§ Task item:
Without any pictures, the records below should be reproduced exactly.

§ Record excerpts:
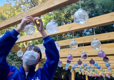 2021/11/05トピックnews小林市の霧島岑神社に8月に設置されたオブジェ「良縁のみち」が2日、風鈴から小林高生ら製作のハーバリウムに模様替えされた。ドライフラワーを入れた球形の飾りが光を受けてきらきらと輝き、境内を彩ってる。 探究科学コースで地域活性化に取り...
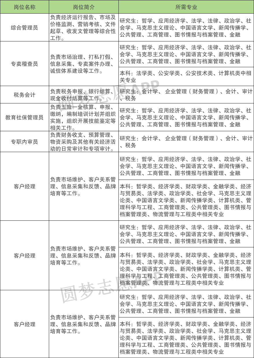 烟草局的岗位大致可分为三类:业务类、专卖类和综合类。业务类主要和营销、物流相关,专卖类工作一般是负责发放烟草专卖许可证等工作,综合类有的会负责人事管理,有的是负责财务。岗位不同,招聘要求和专业要求都不一样。
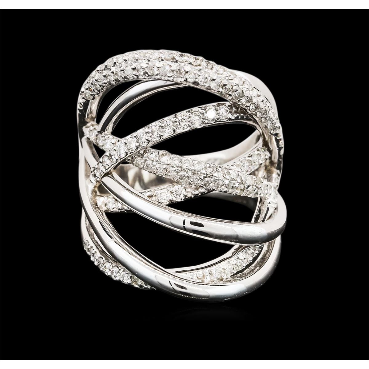 One electronically tested 14KT white gold ladies cast diamond ring with a bright polish finish. Identified with markings of "585". Condition is new. Containing: One Hundred Twenty-Five prong set round brilliant cut diamonds, measuring 1.30 - 1.30 x 0.78mm (depth est.) approximate total weight of 125 Stones = 1.00ct. Clarity: I-1 to I-2. Color: J - K, Cut is Good. All diamonds are graded in the mounting, unless otherwise stated. Total Weight of Diamonds 1.00ct. Total Weight of Ring 9.80 grams. GGL Appraised at $4,435.00.
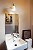 La maison d'un collectionneur en région parisienne: dans la salle de bains en grès gris, des champignons sur l’armoire à pharmacie
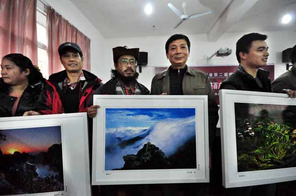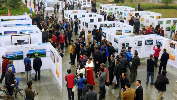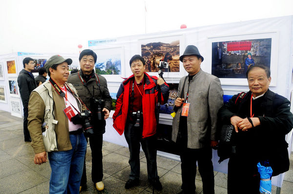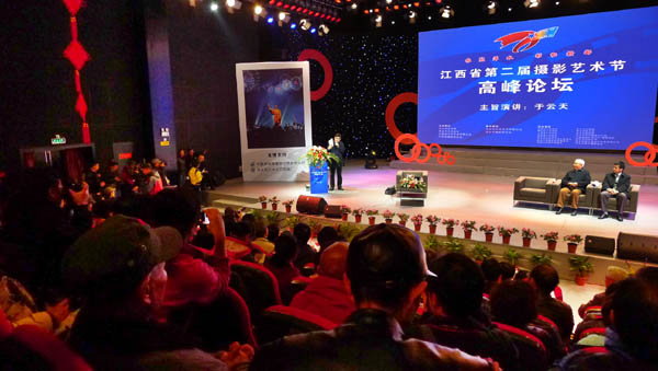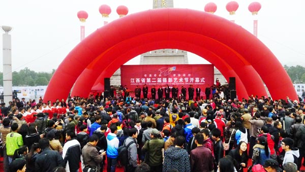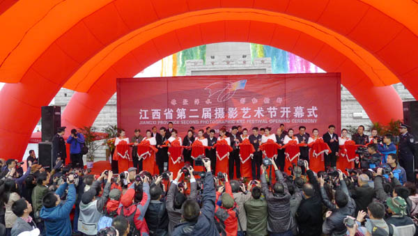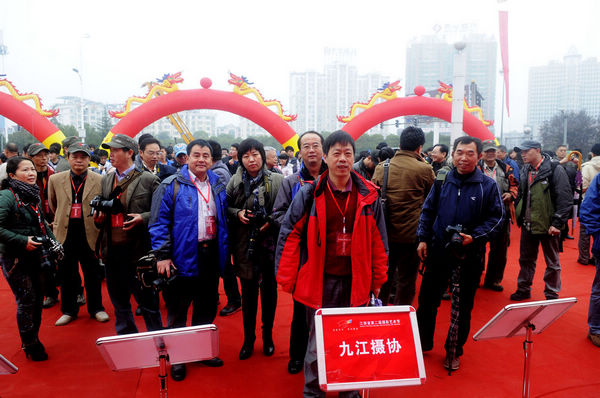 江西省第二届摄影艺术节隆重开幕会场。 九江摄影网讯(沈双武)11月25日上午,由中共萍乡市委、萍乡市政府和江西省文联、省摄影家协会共同主办的江西省第二届摄影艺术节在萍乡市秋收起义广场隆重开幕,在3天的时间里,80多个摄影专题展、1500多名摄影家的4000多幅摄影精品,将为广大群众奉献一场视觉恢宏的饕餮盛宴,秋收起义广场变成影像的海洋。据悉,这是江西历史上规模最大、规格最高、活动最多、影响最广的摄影盛会。 江西省人大常委会副主任、省总工会主席陈安众,省政府党组成员、顾问、省摄影家协会名誉主席孙刚,省政协副主席汤建人,省人大常委会原副主任、省摄影家协会名誉主席朱英培,中国摄影家协会分党组成员、副秘书长高琴,省文联党组书记汪天行,省文联副主席鄢平原,萍乡市委书记刘和平,市委副书记、市长陈卫民等为开幕剪彩;萍乡市委副书记颜赣辉,市人大常委会主任黎德廉,市政协主席晏德文,市委常委、宣传部长彭艳萍,市委常委、市委秘书长张学民,市人大常委会副主任曾祥军,副市长亓丕华、市政协副主席陈朝清,市政府秘书长李德雄及省摄影家协会主席团成员,周边兄弟省市摄协负责人和摄影家、摄影爱好者、新闻记者参加了开幕式。 陈安众代表省委、省人大、省政府、省政协,高琴代表中国摄协,陈卫民代表萍乡市委、市政府和187万萍乡人民,汪天行代表省文联分别对艺术节的成功举办表示热烈祝贺! 九江市摄协对这次艺术节高度重视,市摄协主席宋小勇、副主席杨青,副秘书长沈双武、蔡少敏率影友参加或提前到萍乡布展、为影友做好接待工作。通过精心组织,包括庐山摄协、修水摄协、武宁摄协、永修摄协、德安摄协、职工摄协、九江电厂摄协在内的基层摄协组织和市直单位的摄影爱好者共80余人参加了这次活动,是参加人数最多的设区市之一。通过参观展览,他们普遍认为收获不小,开阔了眼界,对今后摄影艺术创作大有帮助。艺术节上九江展出的作品有《九江秀色可揽结》(综合展)、《无限风光在庐山》《修水国宝——中华秋沙鸭》《重温九江抗洪历史 再现军民堵口风采》《闪光的风采——国电九江发电厂专题》《生态共青城》、燕平等9人《“青藏高原”专题》,包括九江作者的作品参加江西省第七届青年摄影艺术展、江西省风光摄影协会的《风光摄影展》等展览,在艺术节上共展出九江作者作品270余幅,展出专题和作品是全省设区市最多的市之一,成功地推出了一批新人新作。在27日上午进行的优秀作品评奖中,九江选送《无限风光在庐山》《修水国宝——中华秋沙鸭》被评为“优秀摄影展”;《长江丽湾》(纪德文 摄)、《鸟瞰甘棠夏如画》(陈敬瑞 摄)等11幅作品被评为“优秀摄影作品”。 在开幕当天,还开展了萍乡民俗文化精髓——傩舞、缩龙表演、傩面具雕刻演示、“金像影视”人像模特走秀和摄影器材试拍等活动。同时,中国首届金像奖获得者、著名风光摄影家于云天和我省著名摄影家宫正、青年摄影家肖戈等就风光摄影创作等进行专题演讲,并与广大影友“面对面”进行广泛交流。在“百名摄影家百幅作品进百户农家”文化公益活动中,100名优秀摄影家还分赴麻山镇幸福村和城郊管委会略下管理处向100户村民赠送摄影精品,让高雅艺术品“飞入寻常百姓家”。九江庐山摄协的李延国、朱玉善等也在其中。
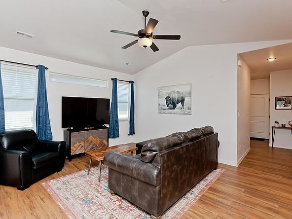 Beautiful Mediterranean style ranch home in Legends Subdivision! True lock and leave with HOA maintaining front/back landscaping and snow removal at $60.00 per month. Vaulted ceilings and natural light make the open kitchen, living, and dining a wonderful place to spend your time! Kitchen has a huge island with granite countertops, upgraded cupboards, and a nice pantry. Large primary suite with double sinks, gorgeously tiled walk-in shower, and a huge walk-in closet. Add'l bedrooms are spacious. Large laundry room! A patio out back is perfect for a BBQ and dining area and yard is mostly xeriscaped with a small area of grass. Come see today to make it your new home~
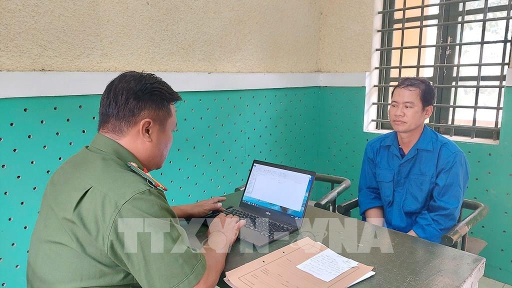 Lực lượng công an làm việc với bị can Nguyễn Việt Thanh. Ảnh: TTXVN phát
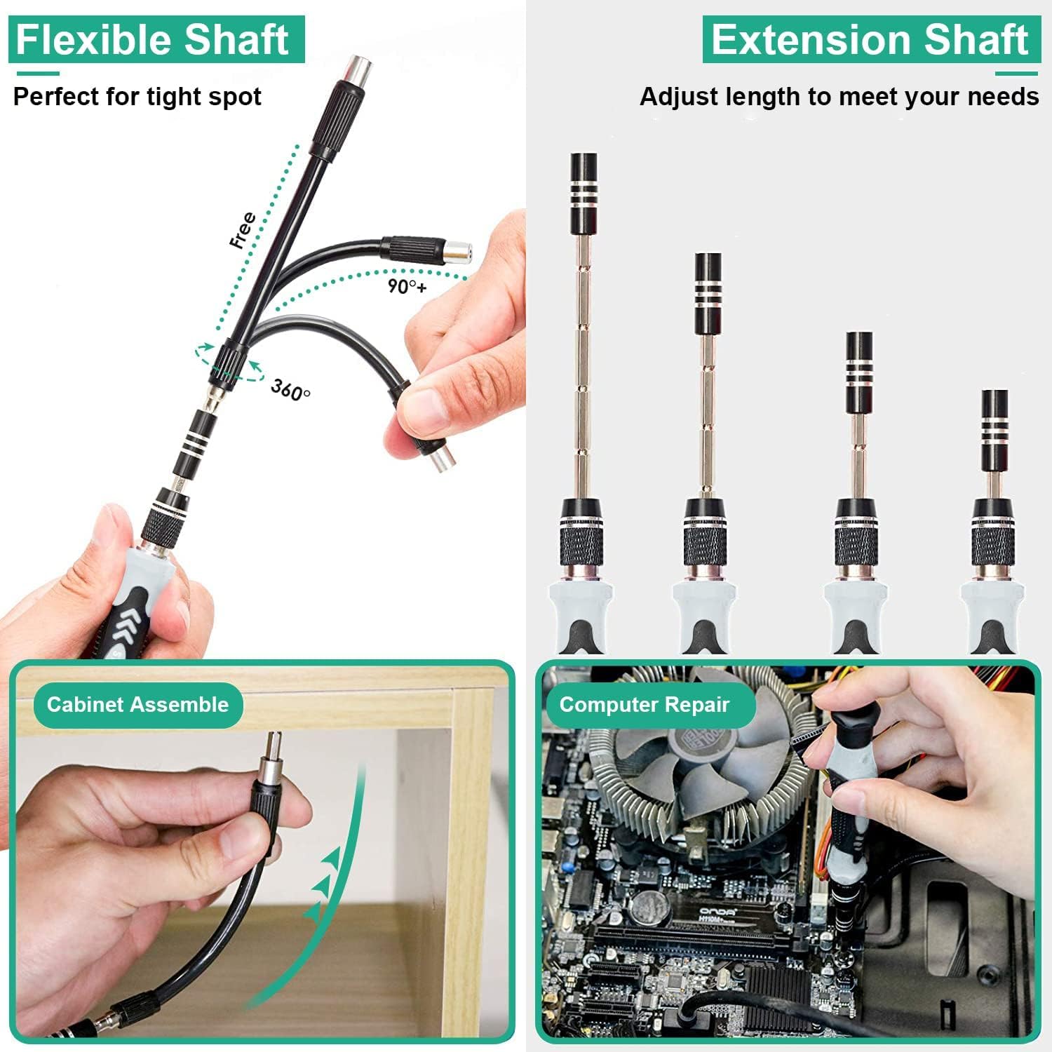 Ergonomic Design: Super smooth rotating cap at the top for easy screw removal. Rubber particle grip streamline handle makes sure you can turn any screw. The included Flexible Extension tool is perfect for removing screws that are just out of reach
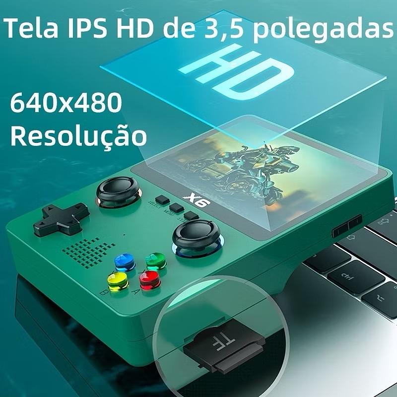 Console Portátil X6 + de 15.000 Jogos Vídeo Game 32g Linux Tela IPS 3.5 Polegadas
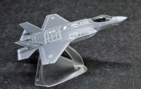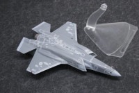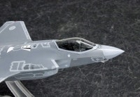 1/72 F-35A ライトニングII完成品、左後方からの全景。作品は飛行状態としており、付属のクリアスタンドを取り付けた状態で展示して頂けます。
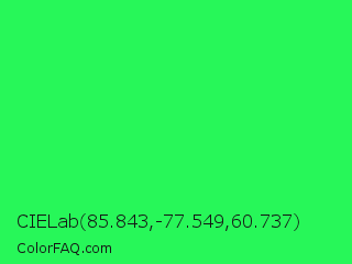 CIELab 85.843,-77.549,60.737 Color is a normal green color and the nearest color is Malachite #0bda51. Hex code #27f759 and RGB value is rgb(39,247,89). In RGB color space, this color is composed of 15% red, 97% green, 35% blue, In CMYK color space, this color is composed of 84% cyan, 0% magenta, 64% yellow , 3% black , In HSL color space, this color has a hue angle of 134° , 93% saturation and 56% lightness.
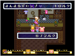 アイテムや防具を売買できます。商品のリングが表示されるので、 なお、防具を選ぶと、装備できるキャラクターがリングの中央に表示されます。 |
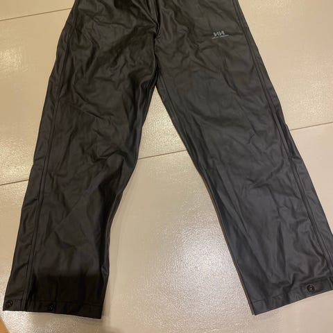Pent brukt rengbukse fra Helly Hansen. Strikken på den ene foten har blitt sydd fast for å forsterke den. I tillegg har buksen blitt trakket litt på, så den viser litt tegn til det neders på buksebeina. Det er ingen hull i buksen.
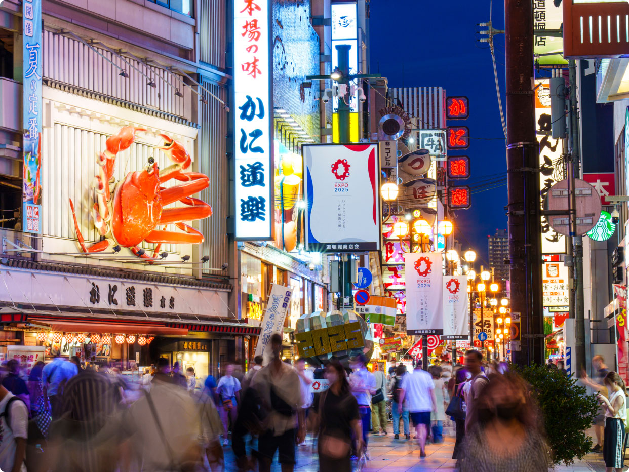 An energetic, vibrant metropolis that is the economic center of the Kansai region and a cultural powerhouse within Japan, Osaka is a symphony of tradition and modernity where ancient cultural heritage harmonizes with contemporary dynamism. Endearingly known as "Japan's Kitchen," Osaka's culinary scene is legendary, but its appeal extends far beyond food, encompassing a rich tapestry of cultural, historical and modern attractions.

§ Solved exercise:
 2021/11/05トピックnews小林市の霧島岑神社に8月に設置されたオブジェ「良縁のみち」が2日、風鈴から小林高生ら製作のハーバリウムに模様替えされた。ドライフラワーを入れた球形の飾りが光を受けてきらきらと輝き、境内を彩ってる。 探究科学コースで地域活性化に取り...
 烟草局的岗位大致可分为三类:业务类、专卖类和综合类。业务类主要和营销、物流相关,专卖类工作一般是负责发放烟草专卖许可证等工作,综合类有的会负责人事管理,有的是负责财务。岗位不同,招聘要求和专业要求都不一样。
 One electronically tested 14KT white gold ladies cast diamond ring with a bright polish finish. Identified with markings of "585". Condition is new. Containing: One Hundred Twenty-Five prong set round brilliant cut diamonds, measuring 1.30 - 1.30 x 0.78mm (depth est.) approximate total weight of 125 Stones = 1.00ct. Clarity: I-1 to I-2. Color: J - K, Cut is Good. All diamonds are graded in the mounting, unless otherwise stated. Total Weight of Diamonds 1.00ct. Total Weight of Ring 9.80 grams. GGL Appraised at $4,435.00.
 La maison d'un collectionneur en région parisienne: dans la salle de bains en grès gris, des champignons sur l’armoire à pharmacie
 江西省第二届摄影艺术节隆重开幕会场。 九江摄影网讯(沈双武)11月25日上午,由中共萍乡市委、萍乡市政府和江西省文联、省摄影家协会共同主办的江西省第二届摄影艺术节在萍乡市秋收起义广场隆重开幕,在3天的时间里,80多个摄影专题展、1500多名摄影家的4000多幅摄影精品,将为广大群众奉献一场视觉恢宏的饕餮盛宴,秋收起义广场变成影像的海洋。据悉,这是江西历史上规模最大、规格最高、活动最多、影响最广的摄影盛会。 江西省人大常委会副主任、省总工会主席陈安众,省政府党组成员、顾问、省摄影家协会名誉主席孙刚,省政协副主席汤建人,省人大常委会原副主任、省摄影家协会名誉主席朱英培,中国摄影家协会分党组成员、副秘书长高琴,省文联党组书记汪天行,省文联副主席鄢平原,萍乡市委书记刘和平,市委副书记、市长陈卫民等为开幕剪彩;萍乡市委副书记颜赣辉,市人大常委会主任黎德廉,市政协主席晏德文,市委常委、宣传部长彭艳萍,市委常委、市委秘书长张学民,市人大常委会副主任曾祥军,副市长亓丕华、市政协副主席陈朝清,市政府秘书长李德雄及省摄影家协会主席团成员,周边兄弟省市摄协负责人和摄影家、摄影爱好者、新闻记者参加了开幕式。 陈安众代表省委、省人大、省政府、省政协,高琴代表中国摄协,陈卫民代表萍乡市委、市政府和187万萍乡人民,汪天行代表省文联分别对艺术节的成功举办表示热烈祝贺! 九江市摄协对这次艺术节高度重视,市摄协主席宋小勇、副主席杨青,副秘书长沈双武、蔡少敏率影友参加或提前到萍乡布展、为影友做好接待工作。通过精心组织,包括庐山摄协、修水摄协、武宁摄协、永修摄协、德安摄协、职工摄协、九江电厂摄协在内的基层摄协组织和市直单位的摄影爱好者共80余人参加了这次活动,是参加人数最多的设区市之一。通过参观展览,他们普遍认为收获不小,开阔了眼界,对今后摄影艺术创作大有帮助。艺术节上九江展出的作品有《九江秀色可揽结》(综合展)、《无限风光在庐山》《修水国宝——中华秋沙鸭》《重温九江抗洪历史 再现军民堵口风采》《闪光的风采——国电九江发电厂专题》《生态共青城》、燕平等9人《“青藏高原”专题》,包括九江作者的作品参加江西省第七届青年摄影艺术展、江西省风光摄影协会的《风光摄影展》等展览,在艺术节上共展出九江作者作品270余幅,展出专题和作品是全省设区市最多的市之一,成功地推出了一批新人新作。在27日上午进行的优秀作品评奖中,九江选送《无限风光在庐山》《修水国宝——中华秋沙鸭》被评为“优秀摄影展”;《长江丽湾》(纪德文 摄)、《鸟瞰甘棠夏如画》(陈敬瑞 摄)等11幅作品被评为“优秀摄影作品”。 在开幕当天,还开展了萍乡民俗文化精髓——傩舞、缩龙表演、傩面具雕刻演示、“金像影视”人像模特走秀和摄影器材试拍等活动。同时,中国首届金像奖获得者、著名风光摄影家于云天和我省著名摄影家宫正、青年摄影家肖戈等就风光摄影创作等进行专题演讲,并与广大影友“面对面”进行广泛交流。在“百名摄影家百幅作品进百户农家”文化公益活动中,100名优秀摄影家还分赴麻山镇幸福村和城郊管委会略下管理处向100户村民赠送摄影精品,让高雅艺术品“飞入寻常百姓家”。九江庐山摄协的李延国、朱玉善等也在其中。
 Beautiful Mediterranean style ranch home in Legends Subdivision! True lock and leave with HOA maintaining front/back landscaping and snow removal at $60.00 per month. Vaulted ceilings and natural light make the open kitchen, living, and dining a wonderful place to spend your time! Kitchen has a huge island with granite countertops, upgraded cupboards, and a nice pantry. Large primary suite with double sinks, gorgeously tiled walk-in shower, and a huge walk-in closet. Add'l bedrooms are spacious. Large laundry room! A patio out back is perfect for a BBQ and dining area and yard is mostly xeriscaped with a small area of grass. Come see today to make it your new home~
 Lực lượng công an làm việc với bị can Nguyễn Việt Thanh. Ảnh: TTXVN phát
 Ergonomic Design: Super smooth rotating cap at the top for easy screw removal. Rubber particle grip streamline handle makes sure you can turn any screw. The included Flexible Extension tool is perfect for removing screws that are just out of reach
 Console Portátil X6 + de 15.000 Jogos Vídeo Game 32g Linux Tela IPS 3.5 Polegadas
 1/72 F-35A ライトニングII完成品、左後方からの全景。作品は飛行状態としており、付属のクリアスタンドを取り付けた状態で展示して頂けます。
 CIELab 85.843,-77.549,60.737 Color is a normal green color and the nearest color is Malachite #0bda51. Hex code #27f759 and RGB value is rgb(39,247,89). In RGB color space, this color is composed of 15% red, 97% green, 35% blue, In CMYK color space, this color is composed of 84% cyan, 0% magenta, 64% yellow , 3% black , In HSL color space, this color has a hue angle of 134° , 93% saturation and 56% lightness.
 アイテムや防具を売買できます。商品のリングが表示されるので、 なお、防具を選ぶと、装備できるキャラクターがリングの中央に表示されます。 |
Pent brukt rengbukse fra Helly Hansen. Strikken på den ene foten har blitt sydd fast for å forsterke den. I tillegg har buksen blitt trakket litt på, så den viser litt tegn til det neders på buksebeina. Det er ingen hull i buksen.
 An energetic, vibrant metropolis that is the economic center of the Kansai region and a cultural powerhouse within Japan, Osaka is a symphony of tradition and modernity where ancient cultural heritage harmonizes with contemporary dynamism. Endearingly known as "Japan's Kitchen," Osaka's culinary scene is legendary, but its appeal extends far beyond food, encompassing a rich tapestry of cultural, historical and modern attractions.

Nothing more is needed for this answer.